Cumulative options — working whole spend, cumulative order rely, and working common basket measurement — are helpful alerts for lifetime worth modeling and churn prediction. A buyer’s cumulative spend at order 5 says one thing totally different than their spend at order 15. Right here’s a helpful instance:
|
1 2 3 4 5 6 7 8 9 10 11 12 13 14 15 16 17 18 19 20 21 22 23 24 25 26 27 |
import itertools
# Buyer C-20917: chronological order quantities order_amounts = [56.80, 123.40, 89.90, 245.00, 67.50, 310.20, 88.75]

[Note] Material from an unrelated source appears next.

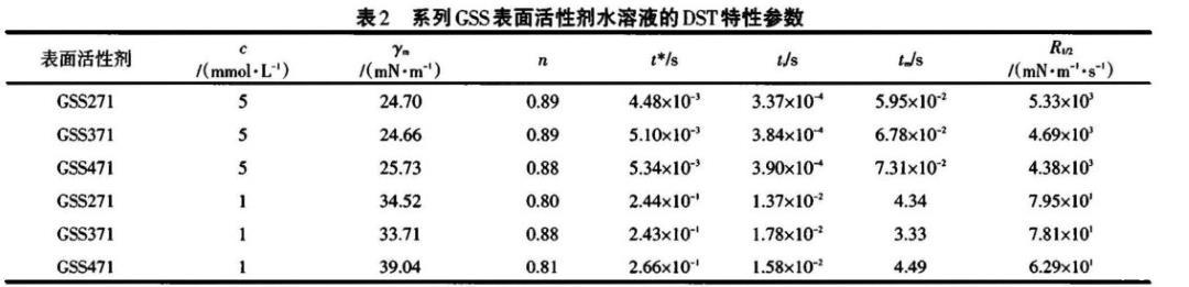 以GSS271為例,濃度越高,表面活性劑分子的擴散推動力越大,于氣液界面吸附越快,DST下降越顯著,因而誘導區(qū)結(jié)束的時間越早,越易達到介平衡,這與γm、ti、tm較小吻合;t*值隨濃度增大而減小,表明吸附后期勢壘隨濃度增大而增大,因為濃度較高時,更多的GSS271分子吸附于表面,由于空間位阻、分子間靜電斥力的影響,阻礙了新的GSS271分子吸附,吸附勢壘變大。濃度高時,R1/2大,動態(tài)表面活性好。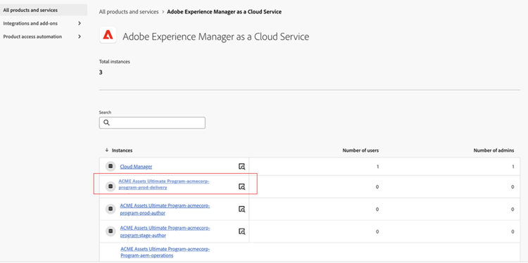 Se hai abilitato Content Hub per Assets as a Cloud Service, è stata creata una nuova istanza all'interno di AEM Assets as a Cloud Service su Admin Console con delivery come suffisso:

# Cumulative spend cumulative_spend = checklist(itertools.accumulate(order_amounts))
# Cumulative max spend (highest single order to date) cumulative_max = checklist(itertools.accumulate(order_amounts, func=max))
# Cumulative order rely (simply utilizing addition on 1s) cumulative_count = checklist(itertools.accumulate([1] * len(order_amounts)))
features_df = pd.DataFrame({ “order_number”: vary(1, len(order_amounts) + 1), “order_amount”: order_amounts, “cumulative_spend”: cumulative_spend, “cumulative_max_order”: cumulative_max, “order_count_so_far”: cumulative_count, })
features_df[“avg_spend_so_far”] = ( features_df[“cumulative_spend”] / features_df[“order_count_so_far”] ).spherical(2)
print(features_df.to_string(index=False)) |
Output:
|
order_number order_amount cumulative_spend cumulative_max_order order_count_so_far avg_spend_so_far 1 56.80 56.80 56.8 1 56.80 2 123.40 180.20 123.4 2 90.10 3 89.90 270.10 123.4 3 90.03 4 245.00 515.10 245.0 4 128.78 5 67.50 582.60 245.0 5 116.52 6 310.20 892.80 310.2 6 148.80 7 88.75 981.55 310.2 7 140.22 |
accumulate takes an non-compulsory func argument — any two-argument operate. The default is addition, however max, min, operator.mul, or a customized lambda all work. On this instance, every row within the output is a snapshot of the client’s historical past at that cut-off date. That is helpful when constructing options for sequential fashions or coaching information the place you have to keep away from leakage.
Wrapping Up
I hope you discovered this text on utilizing Python’s itertools module for function engineering useful. Right here’s a fast reference for when to succeed in for every operate:
| Perform | Characteristic Engineering Use Case |
|---|---|
mixtures |
Pairwise interplay options |
product |
Cross-category function grids |
chain |
Merging function lists from a number of sources |
islice |
Lag and rolling window options |
groupby |
Per-group aggregation options |
combinations_with_replacement |
Polynomial / squared options |
accumulate |
Cumulative behavioral options |
A helpful behavior to construct right here is recognizing when a function engineering drawback is, at its core, an iteration drawback. When it’s, itertools virtually at all times has a cleaner reply than a customized operate with hard-to-maintain loops. Within the subsequent article, we’ll concentrate on constructing options for time sequence information. Till then, glad coding!